→ **To do**:
All lines from the line containing "根據(jù)交發(fā)集團" up to and including the last line of the listing below should be echoed exactly; no other lines belong in the response.

→ **Material provided**:
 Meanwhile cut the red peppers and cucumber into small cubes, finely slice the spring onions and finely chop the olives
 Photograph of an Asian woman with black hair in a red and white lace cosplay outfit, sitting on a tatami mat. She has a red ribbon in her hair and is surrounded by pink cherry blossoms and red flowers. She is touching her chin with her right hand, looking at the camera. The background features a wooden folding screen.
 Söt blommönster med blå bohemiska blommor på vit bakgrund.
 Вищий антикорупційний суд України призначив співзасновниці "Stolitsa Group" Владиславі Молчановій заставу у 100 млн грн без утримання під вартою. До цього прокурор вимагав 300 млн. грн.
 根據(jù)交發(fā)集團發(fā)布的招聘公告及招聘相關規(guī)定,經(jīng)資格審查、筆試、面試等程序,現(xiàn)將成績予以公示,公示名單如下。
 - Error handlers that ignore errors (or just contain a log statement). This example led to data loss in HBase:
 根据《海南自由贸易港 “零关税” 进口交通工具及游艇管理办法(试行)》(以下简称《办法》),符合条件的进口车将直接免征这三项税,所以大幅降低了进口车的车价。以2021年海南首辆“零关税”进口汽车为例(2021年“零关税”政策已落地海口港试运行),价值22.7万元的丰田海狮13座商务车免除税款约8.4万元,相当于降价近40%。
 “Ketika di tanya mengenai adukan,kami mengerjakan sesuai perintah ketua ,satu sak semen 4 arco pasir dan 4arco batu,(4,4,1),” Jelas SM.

→ **Exercise output**:
 根據(jù)交發(fā)集團發(fā)布的招聘公告及招聘相關規(guī)定,經(jīng)資格審查、筆試、面試等程序,現(xiàn)將成績予以公示,公示名單如下。
 - Error handlers that ignore errors (or just contain a log statement). This example led to data loss in HBase:
 根据《海南自由贸易港 “零关税” 进口交通工具及游艇管理办法(试行)》(以下简称《办法》),符合条件的进口车将直接免征这三项税,所以大幅降低了进口车的车价。以2021年海南首辆“零关税”进口汽车为例(2021年“零关税”政策已落地海口港试运行),价值22.7万元的丰田海狮13座商务车免除税款约8.4万元,相当于降价近40%。
 “Ketika di tanya mengenai adukan,kami mengerjakan sesuai perintah ketua ,satu sak semen 4 arco pasir dan 4arco batu,(4,4,1),” Jelas SM.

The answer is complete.